# bodyguard 380 aiming issue



## mw191

I have a aiming issue with the bodyguard 380 I just got it and the laser appears to be on with the sights but when aiming with just sights at 15 to 20 feet it shoots 1 ft low I have to put 2/3 of barel into back sight to hit accuratly. I think it should be mor accurate than this. Is this the best this gun can do or do i need to take it back. There is not adjusment for up and down. Please any advice


----------



## VAMarine

Have you shot the gun from a rest? Sounds like you might be pulling the shots low. Shooting from a rest will negate that and further eliminate any other shooter error from the equation.

Also, it appears that the laster is adjustable for windage and elevation:



> The Insight® Laser is equipped with adjustment screws for independent movement of the laser beam for both windage and elevation. Adjustment screws can be turned using the provided hex wrench.
> Laser Adjustment Table (below): This table shows the direction of adjuster rotation (as viewed from above and behind the firearm) and the resultant direction of the laser beam and the shot group movement. ZEROING PROCEDURE
> As initially received from the manufacturer, the Insight® Laser is factory preset to be nearly parallel with the barrel of the firearm and is ready to be zeroed via live fire.


See pg. 44 in your users manual for instructions.

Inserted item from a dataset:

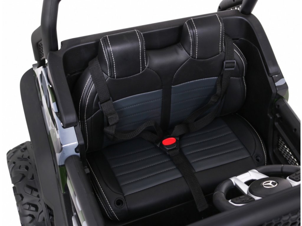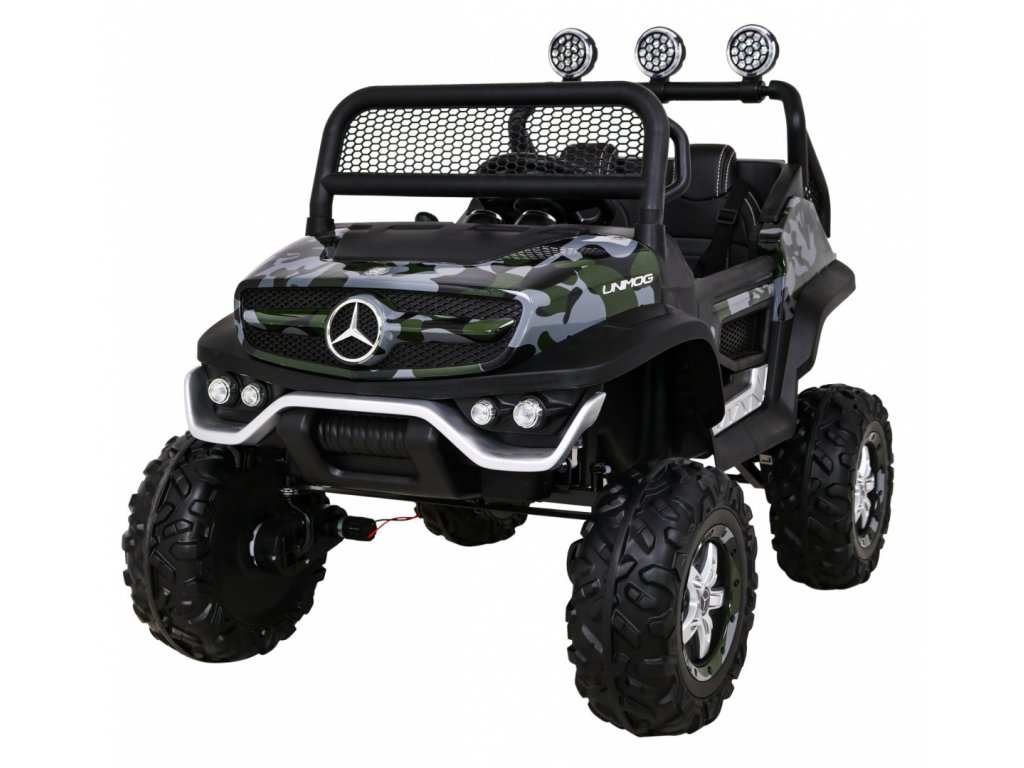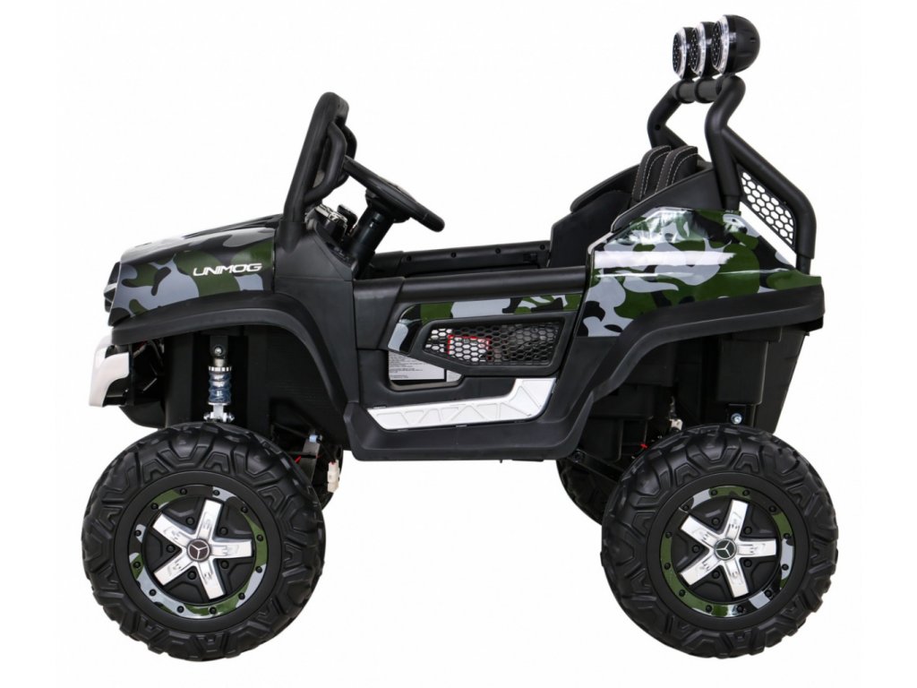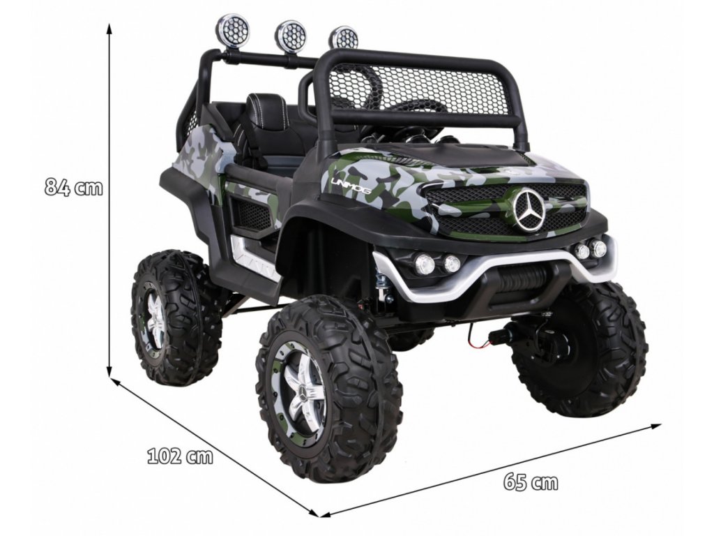 Elektrické autíčko Mercedes Unimog maskáčové je jedno z nejoblíbenějších luxusních terénních aut na trhu. Má velká kola z tvrzené pěny EVA, která jsou tichá a zvládnou různé typy terénu. Mezi bohaté vybavení patří hudební panel se vstupy MP3, AUX, USB a předem nahrané zvuky na volantu (klakson, melodie). Posadíte se do pohodlně tvarované sedačky z eko kůže o šířce 44 cm, která má bezpečnostní pásy. V zadní části vozidla se nachází zavazadlový prostor o rozměrech 46 x 10 cm.

Also, for the reasons mentioned above, make sure you fire the gun from a rest to sight in the laser


----------



## denner

VAMarine said:


> Have you shot the gun from a rest? Sounds like you might be pulling the shots low. Shooting from a rest will negate that and further eliminate any other shooter error from the equation.


+++Ditto

I would venture the pistol is more accurate than any of us, however, with a barrel less than 3 inches long, a short sight radius which is incredibly easy to pull shots low, coupled with a relatively long DA trigger pull in a light pocket sized snappy little handgun would be a challenge at first for the best of em. The pistol is designed for up close and personnal work as opposed to an all day 25 yard target pistol. My brother inlaw just bought one and my impression was a very well built and according to him a very reliable little 380, after 50 rounds he advised that his palm was getting a little sore and the trigger reminded him of the Taurus slim's long DA pull he had purchased a while back. He said within 10 to 15 feet the laser and sights were on out of the box, but anything much further he was having a little difficulty until he could get used to the trigger.


----------



## berettabone

I use one for CCW......definitely not a range gun, and definitely not a 25 yard gun............20 to 40 ft.......deadly.....


----------



## DDTex

mw191 said:


> I have a aiming issue with the bodyguard 380 I just got it and the laser appears to be on with the sights but when aiming with just sights at 15 to 20 feet it shoots 1 ft low I have to put 2/3 of barel into back sight to hit accuratly. I think it should be mor accurate than this. Is this the best this gun can do or do i need to take it back. There is not adjusment for up and down. Please any advice


I bought a BG380 last year and finally got a chance to take it to a range a few months back.. I am also experiencing the same issue (shooting low and slightly left) I was shooting from a rest and bracing the pistol to assure no movement, I also had the laser active.. The target was at about 20 feet and the gun was consistently hitting about 6 inches low and between 1 to 2 inches to the left. It didn't seem to matter whether I used the sights or the laser the shots hit at the same general area. I don't claim to be an expert marksman but with the gun on a rest at a short distance, it shouldn't have been that far off the mark.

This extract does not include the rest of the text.